The records:
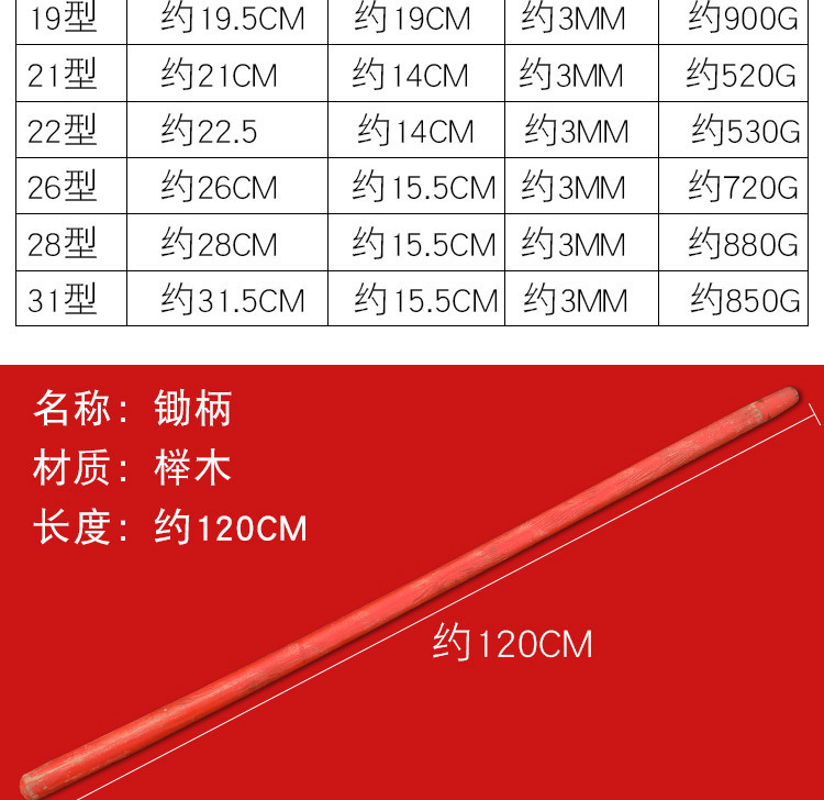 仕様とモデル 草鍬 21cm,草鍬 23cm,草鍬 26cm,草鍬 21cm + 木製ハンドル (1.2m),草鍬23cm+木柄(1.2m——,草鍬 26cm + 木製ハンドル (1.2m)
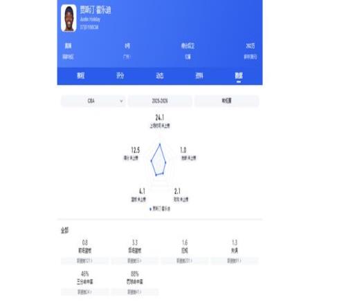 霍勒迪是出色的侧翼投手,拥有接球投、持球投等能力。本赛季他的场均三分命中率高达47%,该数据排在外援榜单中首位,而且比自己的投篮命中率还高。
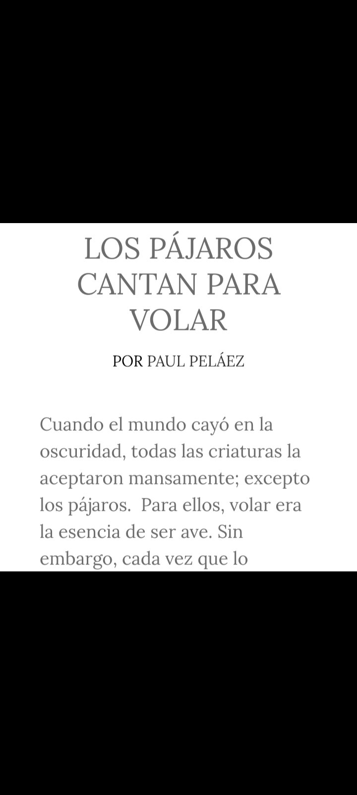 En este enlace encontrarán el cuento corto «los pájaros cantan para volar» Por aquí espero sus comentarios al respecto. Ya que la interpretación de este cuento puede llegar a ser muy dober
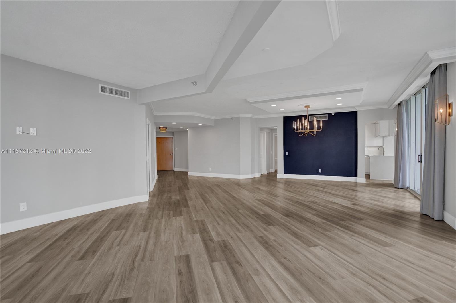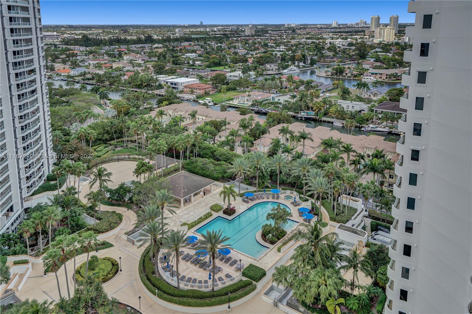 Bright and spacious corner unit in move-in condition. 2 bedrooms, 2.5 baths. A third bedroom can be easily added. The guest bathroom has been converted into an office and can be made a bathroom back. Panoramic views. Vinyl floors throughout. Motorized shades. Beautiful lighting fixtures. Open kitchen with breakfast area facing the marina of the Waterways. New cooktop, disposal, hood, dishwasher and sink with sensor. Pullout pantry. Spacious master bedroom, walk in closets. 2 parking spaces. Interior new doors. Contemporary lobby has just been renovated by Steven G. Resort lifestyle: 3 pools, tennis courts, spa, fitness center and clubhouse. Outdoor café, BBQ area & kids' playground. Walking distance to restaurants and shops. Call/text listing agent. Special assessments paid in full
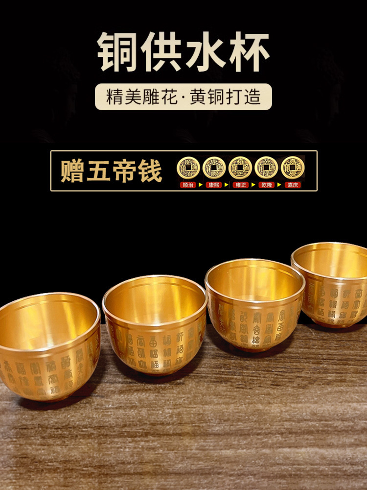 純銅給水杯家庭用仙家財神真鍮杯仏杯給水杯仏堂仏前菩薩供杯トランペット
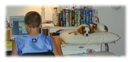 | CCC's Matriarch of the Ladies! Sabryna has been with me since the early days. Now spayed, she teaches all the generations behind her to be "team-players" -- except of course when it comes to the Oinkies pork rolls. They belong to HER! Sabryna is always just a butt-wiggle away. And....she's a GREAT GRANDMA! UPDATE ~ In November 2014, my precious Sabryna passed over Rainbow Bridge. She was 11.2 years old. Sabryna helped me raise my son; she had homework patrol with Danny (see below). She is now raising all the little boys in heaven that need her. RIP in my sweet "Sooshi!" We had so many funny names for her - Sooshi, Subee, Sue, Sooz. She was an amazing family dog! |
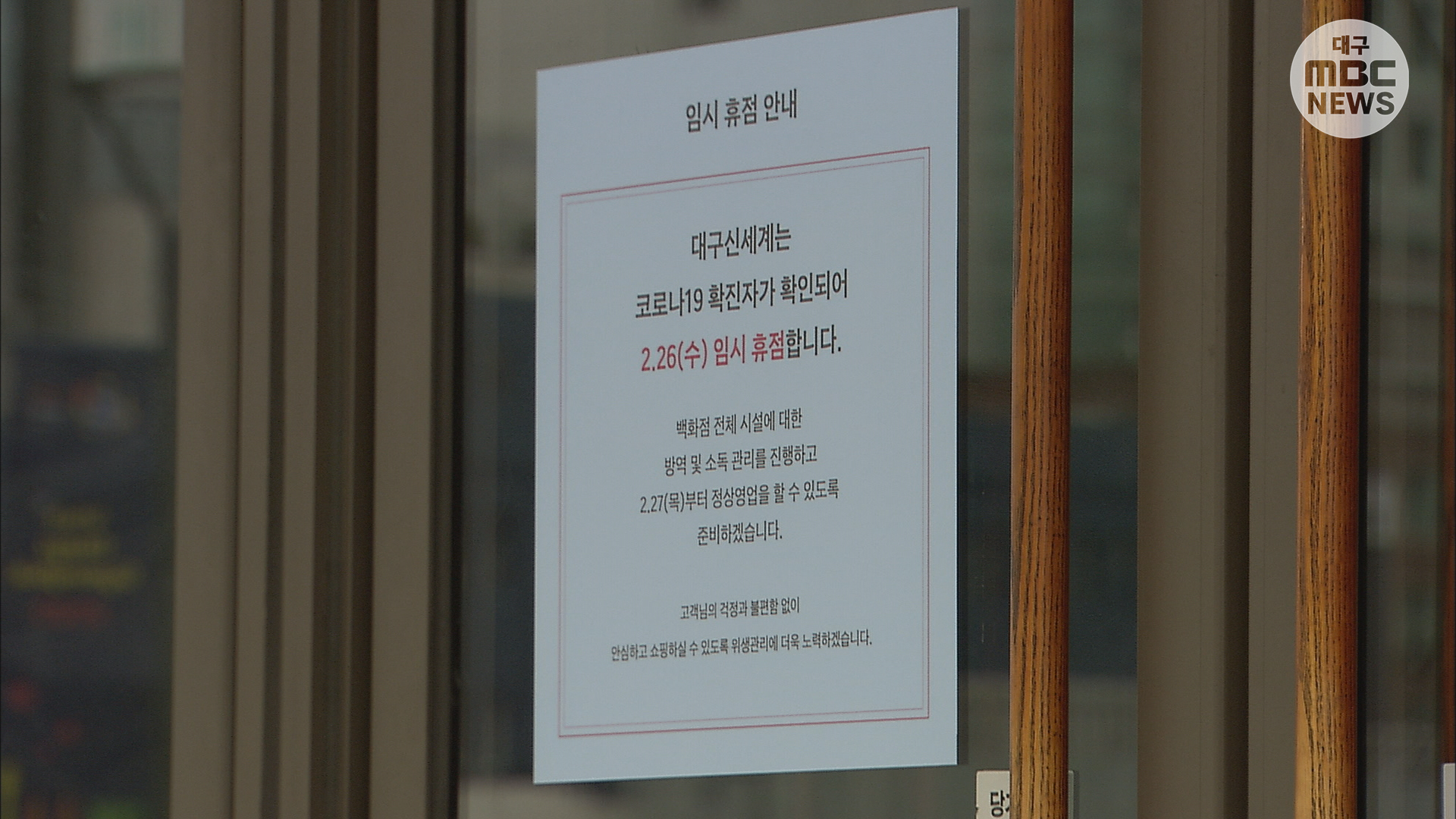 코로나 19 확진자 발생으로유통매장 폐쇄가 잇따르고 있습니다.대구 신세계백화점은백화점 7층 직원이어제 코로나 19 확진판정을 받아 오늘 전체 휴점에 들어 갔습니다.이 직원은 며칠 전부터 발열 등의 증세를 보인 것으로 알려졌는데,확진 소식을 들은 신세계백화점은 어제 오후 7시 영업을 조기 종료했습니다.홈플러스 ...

---

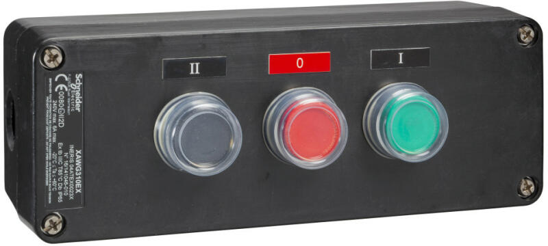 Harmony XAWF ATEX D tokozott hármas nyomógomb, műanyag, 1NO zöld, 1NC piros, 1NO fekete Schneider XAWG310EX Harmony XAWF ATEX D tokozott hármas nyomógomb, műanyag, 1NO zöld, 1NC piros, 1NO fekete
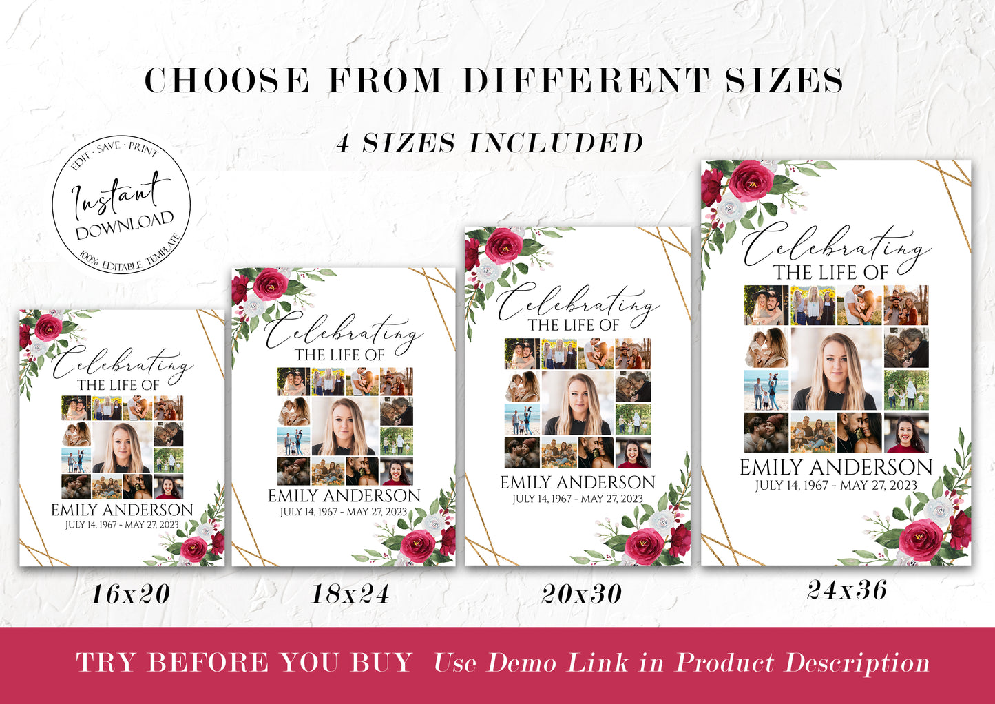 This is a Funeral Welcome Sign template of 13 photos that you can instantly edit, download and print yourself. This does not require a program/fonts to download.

Task directions: Above is the material; set down exactly its lines from the one containing "仕様とモデル 草鍬 21cm,草鍬" down to the one containing "En este enlace", both included, leaving out any pictures.

Completed exercise:
 仕様とモデル 草鍬 21cm,草鍬 23cm,草鍬 26cm,草鍬 21cm + 木製ハンドル (1.2m),草鍬23cm+木柄(1.2m——,草鍬 26cm + 木製ハンドル (1.2m)
 霍勒迪是出色的侧翼投手,拥有接球投、持球投等能力。本赛季他的场均三分命中率高达47%,该数据排在外援榜单中首位,而且比自己的投篮命中率还高。
 En este enlace encontrarán el cuento corto «los pájaros cantan para volar» Por aquí espero sus comentarios al respecto. Ya que la interpretación de este cuento puede llegar a ser muy dober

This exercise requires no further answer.